WHAT IS NEEDED:
Going down the listing below, print exactly each line from the one with "This cotton poplin" up to and including the one with "Il set da corsa", and skip the rest.

SOURCE DATA:

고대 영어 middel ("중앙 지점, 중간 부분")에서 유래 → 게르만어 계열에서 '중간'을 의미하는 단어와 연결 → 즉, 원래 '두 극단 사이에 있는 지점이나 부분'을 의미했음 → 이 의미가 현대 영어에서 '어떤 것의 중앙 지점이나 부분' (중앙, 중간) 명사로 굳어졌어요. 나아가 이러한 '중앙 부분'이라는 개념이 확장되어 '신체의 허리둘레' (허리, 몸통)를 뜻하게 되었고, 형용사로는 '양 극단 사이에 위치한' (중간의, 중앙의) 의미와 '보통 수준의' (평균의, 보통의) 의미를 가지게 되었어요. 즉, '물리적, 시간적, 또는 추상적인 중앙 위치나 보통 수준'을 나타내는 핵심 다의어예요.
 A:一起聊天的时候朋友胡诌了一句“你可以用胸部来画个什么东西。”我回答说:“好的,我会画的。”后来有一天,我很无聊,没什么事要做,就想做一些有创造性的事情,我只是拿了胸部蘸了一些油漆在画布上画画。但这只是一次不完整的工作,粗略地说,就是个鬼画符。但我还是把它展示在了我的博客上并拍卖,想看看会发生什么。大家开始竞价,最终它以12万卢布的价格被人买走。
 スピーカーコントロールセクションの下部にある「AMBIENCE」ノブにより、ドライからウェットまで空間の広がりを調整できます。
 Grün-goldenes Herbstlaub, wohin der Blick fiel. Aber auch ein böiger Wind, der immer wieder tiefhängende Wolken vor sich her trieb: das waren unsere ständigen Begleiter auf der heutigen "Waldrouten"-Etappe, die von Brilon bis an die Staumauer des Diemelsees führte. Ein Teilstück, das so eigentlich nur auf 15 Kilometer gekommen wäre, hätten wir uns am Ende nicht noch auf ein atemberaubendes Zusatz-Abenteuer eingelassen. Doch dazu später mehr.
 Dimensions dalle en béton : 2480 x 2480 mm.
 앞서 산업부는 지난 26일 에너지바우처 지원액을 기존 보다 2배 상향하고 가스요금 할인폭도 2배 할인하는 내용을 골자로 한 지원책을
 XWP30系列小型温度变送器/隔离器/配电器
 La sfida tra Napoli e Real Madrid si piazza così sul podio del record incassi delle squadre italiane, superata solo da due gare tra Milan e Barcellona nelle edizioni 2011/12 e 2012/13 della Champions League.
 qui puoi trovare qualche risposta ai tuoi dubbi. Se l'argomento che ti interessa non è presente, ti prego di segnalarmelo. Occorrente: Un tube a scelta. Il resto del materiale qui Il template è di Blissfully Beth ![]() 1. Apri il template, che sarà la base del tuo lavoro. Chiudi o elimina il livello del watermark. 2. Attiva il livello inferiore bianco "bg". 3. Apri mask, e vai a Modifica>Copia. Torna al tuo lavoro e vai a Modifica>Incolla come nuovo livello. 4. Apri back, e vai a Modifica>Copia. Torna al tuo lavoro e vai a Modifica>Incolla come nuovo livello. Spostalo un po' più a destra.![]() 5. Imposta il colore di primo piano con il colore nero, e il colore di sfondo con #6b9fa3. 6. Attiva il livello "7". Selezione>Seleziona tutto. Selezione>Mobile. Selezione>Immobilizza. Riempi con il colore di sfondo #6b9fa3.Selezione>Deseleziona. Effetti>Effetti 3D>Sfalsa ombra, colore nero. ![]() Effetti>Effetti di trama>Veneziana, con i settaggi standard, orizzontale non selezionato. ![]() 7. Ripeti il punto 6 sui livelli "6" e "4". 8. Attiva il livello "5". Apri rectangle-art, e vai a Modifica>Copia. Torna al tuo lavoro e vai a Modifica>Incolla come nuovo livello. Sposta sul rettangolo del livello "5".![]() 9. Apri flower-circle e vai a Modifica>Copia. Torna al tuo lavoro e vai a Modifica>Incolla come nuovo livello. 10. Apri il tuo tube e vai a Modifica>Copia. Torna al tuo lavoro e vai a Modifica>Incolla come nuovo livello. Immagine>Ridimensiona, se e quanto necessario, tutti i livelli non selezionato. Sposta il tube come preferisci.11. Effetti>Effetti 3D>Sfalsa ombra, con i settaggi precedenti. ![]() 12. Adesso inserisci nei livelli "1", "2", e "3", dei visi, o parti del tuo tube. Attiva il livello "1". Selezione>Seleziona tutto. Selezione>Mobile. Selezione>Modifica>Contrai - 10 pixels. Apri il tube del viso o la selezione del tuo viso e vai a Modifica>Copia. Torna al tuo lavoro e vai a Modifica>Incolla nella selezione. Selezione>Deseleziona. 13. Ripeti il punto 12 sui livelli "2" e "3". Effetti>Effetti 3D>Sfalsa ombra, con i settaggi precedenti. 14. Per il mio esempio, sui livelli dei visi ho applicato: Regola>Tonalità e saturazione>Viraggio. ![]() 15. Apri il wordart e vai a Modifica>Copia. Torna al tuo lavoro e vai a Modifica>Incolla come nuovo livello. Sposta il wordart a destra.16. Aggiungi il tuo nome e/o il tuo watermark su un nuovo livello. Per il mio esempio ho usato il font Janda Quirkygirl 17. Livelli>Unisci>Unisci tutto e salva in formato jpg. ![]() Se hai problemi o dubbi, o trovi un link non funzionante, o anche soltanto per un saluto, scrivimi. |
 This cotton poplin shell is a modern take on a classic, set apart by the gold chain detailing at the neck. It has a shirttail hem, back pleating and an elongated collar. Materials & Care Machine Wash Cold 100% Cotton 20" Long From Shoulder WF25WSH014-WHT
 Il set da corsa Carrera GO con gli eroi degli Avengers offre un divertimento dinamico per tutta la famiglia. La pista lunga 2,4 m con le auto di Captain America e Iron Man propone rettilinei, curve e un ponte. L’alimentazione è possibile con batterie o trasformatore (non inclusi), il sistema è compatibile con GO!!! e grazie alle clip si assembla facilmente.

==

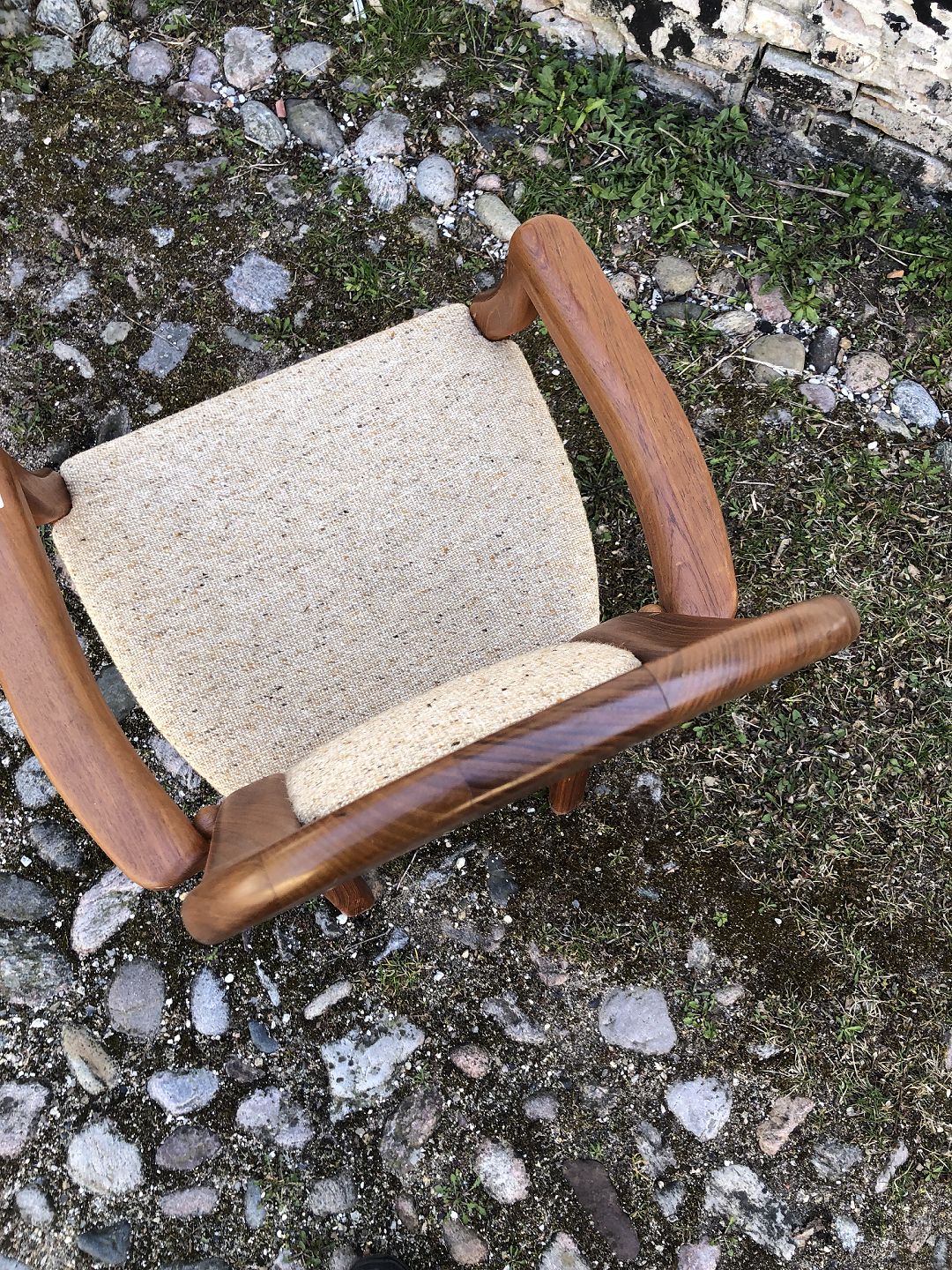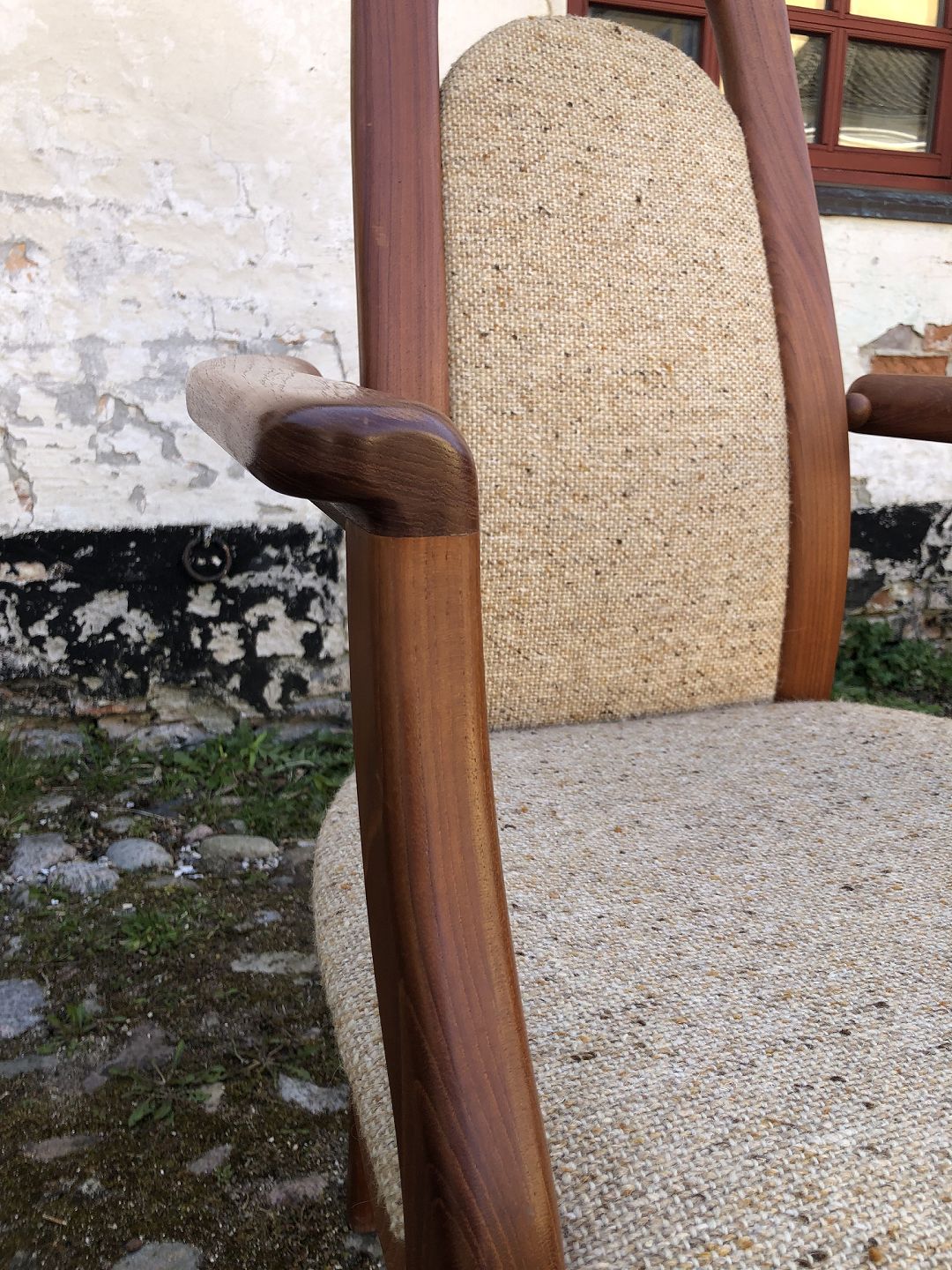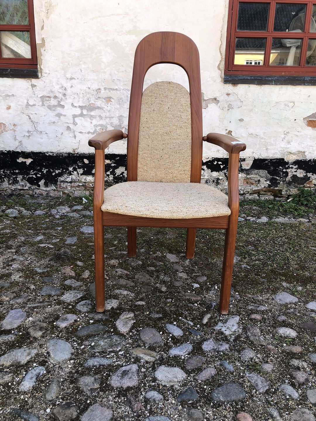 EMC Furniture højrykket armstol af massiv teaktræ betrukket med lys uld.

ANSWER AREA:
 This cotton poplin shell is a modern take on a classic, set apart by the gold chain detailing at the neck. It has a shirttail hem, back pleating and an elongated collar. Materials & Care Machine Wash Cold 100% Cotton 20" Long From Shoulder WF25WSH014-WHT
 Il set da corsa Carrera GO con gli eroi degli Avengers offre un divertimento dinamico per tutta la famiglia. La pista lunga 2,4 m con le auto di Captain America e Iron Man propone rettilinei, curve e un ponte. L’alimentazione è possibile con batterie o trasformatore (non inclusi), il sistema è compatibile con GO!!! e grazie alle clip si assembla facilmente.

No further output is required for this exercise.